The Consumer Financial Protection Bureau released its final rule on banks’ lending data reports, addressing industry concerns by easing the threshold for lenders that must submit small business loan demographic information.
Under the rule released Thursday, only those lenders that issue 100 small business loans each year must collect and report data about small business loan recipients’ race, ethnicity, gender, and other information.
The CFPB’s initial proposal—to apply the requirement to firms that make at least 25 loans a year—caused lenders’ outcry that the threshold was too low.
The rule, mandated by Section 1071 of the Dodd-Frank Act, would still capture demographic data on more than 95% of small business loans issued in the US each year, the CFPB said.
“This small business loan census will give the public key data on this market to ensure that banks and nonbanks are serving small businesses fairly,” CFPB Director Rohit Chopra said in a statement.
The final rule also was revised to require demographic information provided only by borrowers themselves. Lenders were concerned that the initial proposal had provisions that could have forced loan officers to make judgments about a potential borrower’s race, gender, ethnicity or other factors, if the applicant didn’t provide that data.
The rule also clearly defines what constitutes a small business, only requiring lenders to report data on loans issued to firms with gross revenue under $5 million in the previous fiscal year.
The CFPB emphasized that the requirement also applies to all nonbank lenders—including credit unions, savings associations, and fintechs.
Small lenders will have additional time to phase in the rule.
Lenders that issue at least 2,500 small business loans each year will have to begin collecting data on Oct. 1, 2024. Those that issue at least 500 small business loans will have to begin collecting data on April 1, 2025.
And small lenders issuing between 100 and 500 small business loans each year won’t have to start collecting data until Jan. 1, 2026.
In addition, the CFPB is working on a supplementary proposal that would give more compliance time for small lenders that already score well on providing loans to minority- and women-owned small businesses.
The CFPB took other steps to simplify reporting.

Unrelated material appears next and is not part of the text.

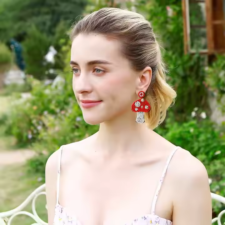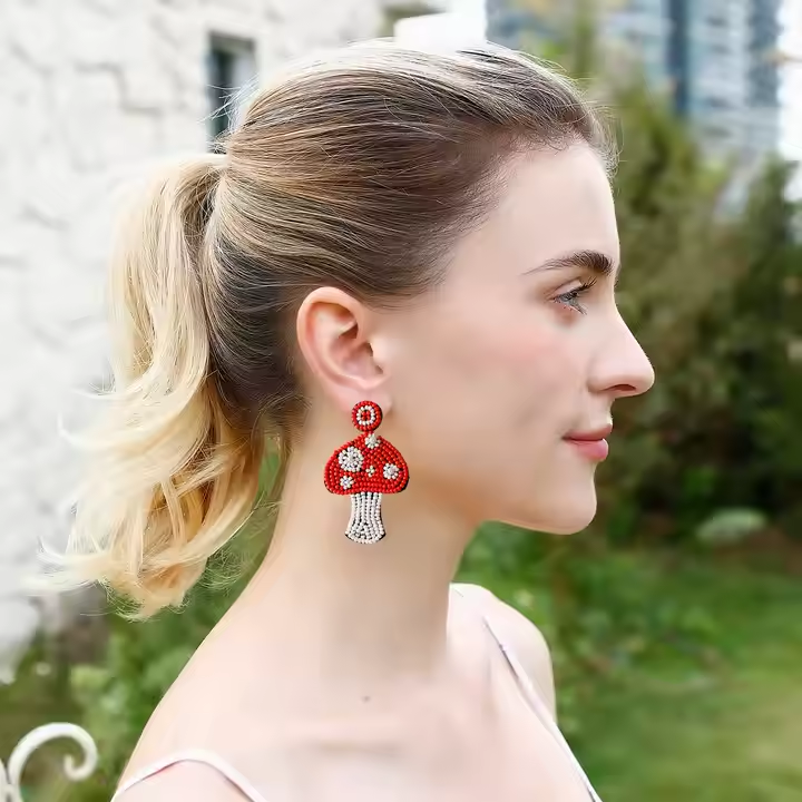 New Fashion Handmade Beaded Mushrooms Classic Drop Earrings Red Seed Beads Cute Girls Women

The final rule waives a requirement to report any data about loans that lenders supply under the Home Mortgage Disclosure Act.
The agency is also allowing lenders to use tools developed by third-party firms or industry groups to improve data reporting. The CFPB provided a model form that lenders can use for reporting.
“Increased transparency around small business lending can boost lending to underserved smalI businesses in the same way that better mortgage data increased lending to Black and Latinx borrowers,” Jesse Van Tol, president and CEO of the National Community Reinvestment Coalition, said in a statement.
The CFPB’s model form, standards for reporting and making new requirements compatible with existing reporting requirements make the rule “largely beneficial to helping ETA members provide loans to small businesses,” said Scott Talbot, senior vice president for government relations at the Electronic Transactions Association, referring to its payments tech company members.
The CFPB is required to make small business data public, but is still working on ways to anonymized them for borrowers’ privacy.
The agency said it plans to use enforcement tools to ensure that some lenders don’t discourage loan applicants from providing data.
The 1071 rule has had a long path to completion.
Included in Dodd-Frank, the CFPB didn’t release a proposal until the California Reinvestment Coalition sued the agency. They eventually settled and agreed to a March 31 deadline to release a final rule.
Republican lawmakers and the Independent Community Bankers of America, a trade group for small banks, sought to delay the rule.
But the CFPB noted that a pending proposal from the Federal Reserve, the Federal Deposit Insurance Corp., and the Office of the Comptroller of the Currency relies on the 1071 data collection to evaluate banks’ lending and investment into low- to moderate-income communities.
A CFPB official said on a call with reporters Thursday that any potential lawsuit from industry to block the rule could have implications for the banking agencies’ attempts to rewrite rules for the Community Reinvestment Act, a federal law that seeks to encourage lending to underserved communities.